WHAT NEEDS TO BE DONE:
Scan the records below for the line with "MENTECH POWFI MiniPro采用了先进的5G技术,配合Wi-Fi" and the line with "La boutique expose". Repeat those two lines and every line between them exactly, and nothing else.

= Beginning of Section =

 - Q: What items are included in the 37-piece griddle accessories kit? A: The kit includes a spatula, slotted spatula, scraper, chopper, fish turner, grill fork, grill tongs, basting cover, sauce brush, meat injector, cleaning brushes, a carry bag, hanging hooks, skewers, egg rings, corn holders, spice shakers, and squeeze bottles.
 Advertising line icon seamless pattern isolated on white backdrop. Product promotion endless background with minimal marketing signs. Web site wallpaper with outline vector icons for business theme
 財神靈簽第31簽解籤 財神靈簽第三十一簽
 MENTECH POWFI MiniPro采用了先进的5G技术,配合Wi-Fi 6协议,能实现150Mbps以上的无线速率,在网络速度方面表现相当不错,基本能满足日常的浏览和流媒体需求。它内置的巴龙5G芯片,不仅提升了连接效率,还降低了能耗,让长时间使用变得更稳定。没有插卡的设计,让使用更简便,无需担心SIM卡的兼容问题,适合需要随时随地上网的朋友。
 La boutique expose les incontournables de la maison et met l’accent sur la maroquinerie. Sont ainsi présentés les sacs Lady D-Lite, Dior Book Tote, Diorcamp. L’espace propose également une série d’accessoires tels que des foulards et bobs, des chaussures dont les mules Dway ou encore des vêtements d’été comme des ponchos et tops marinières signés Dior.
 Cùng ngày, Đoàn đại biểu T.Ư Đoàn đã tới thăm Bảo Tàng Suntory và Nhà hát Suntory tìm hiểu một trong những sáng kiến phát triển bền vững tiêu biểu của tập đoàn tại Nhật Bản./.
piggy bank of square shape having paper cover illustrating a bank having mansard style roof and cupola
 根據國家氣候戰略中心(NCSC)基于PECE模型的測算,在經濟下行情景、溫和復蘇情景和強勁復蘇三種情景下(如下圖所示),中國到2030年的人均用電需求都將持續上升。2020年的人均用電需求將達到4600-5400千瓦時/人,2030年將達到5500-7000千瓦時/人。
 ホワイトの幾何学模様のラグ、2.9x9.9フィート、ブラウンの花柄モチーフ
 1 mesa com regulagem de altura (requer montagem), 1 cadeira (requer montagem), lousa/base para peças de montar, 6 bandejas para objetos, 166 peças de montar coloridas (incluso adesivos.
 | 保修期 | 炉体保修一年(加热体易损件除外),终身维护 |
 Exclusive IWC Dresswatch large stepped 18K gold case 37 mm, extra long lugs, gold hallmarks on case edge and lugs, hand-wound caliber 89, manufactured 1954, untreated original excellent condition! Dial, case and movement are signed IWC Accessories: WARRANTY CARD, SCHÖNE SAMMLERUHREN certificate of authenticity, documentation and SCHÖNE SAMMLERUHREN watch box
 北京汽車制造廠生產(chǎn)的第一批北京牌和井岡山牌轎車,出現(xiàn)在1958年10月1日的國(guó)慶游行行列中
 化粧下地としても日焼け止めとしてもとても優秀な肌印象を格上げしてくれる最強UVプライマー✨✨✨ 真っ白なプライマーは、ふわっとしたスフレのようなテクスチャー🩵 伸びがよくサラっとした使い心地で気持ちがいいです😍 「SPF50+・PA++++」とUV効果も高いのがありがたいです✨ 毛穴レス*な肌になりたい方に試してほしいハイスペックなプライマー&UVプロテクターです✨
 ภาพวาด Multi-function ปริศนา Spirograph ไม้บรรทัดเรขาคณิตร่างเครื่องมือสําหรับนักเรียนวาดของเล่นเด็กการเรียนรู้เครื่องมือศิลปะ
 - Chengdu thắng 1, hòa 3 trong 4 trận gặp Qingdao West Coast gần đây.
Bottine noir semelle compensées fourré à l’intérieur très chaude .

= End of Section =

WRITTEN REPLY:
 MENTECH POWFI MiniPro采用了先进的5G技术,配合Wi-Fi 6协议,能实现150Mbps以上的无线速率,在网络速度方面表现相当不错,基本能满足日常的浏览和流媒体需求。它内置的巴龙5G芯片,不仅提升了连接效率,还降低了能耗,让长时间使用变得更稳定。没有插卡的设计,让使用更简便,无需担心SIM卡的兼容问题,适合需要随时随地上网的朋友。
 La boutique expose les incontournables de la maison et met l’accent sur la maroquinerie. Sont ainsi présentés les sacs Lady D-Lite, Dior Book Tote, Diorcamp. L’espace propose également une série d’accessoires tels que des foulards et bobs, des chaussures dont les mules Dway ou encore des vêtements d’été comme des ponchos et tops marinières signés Dior.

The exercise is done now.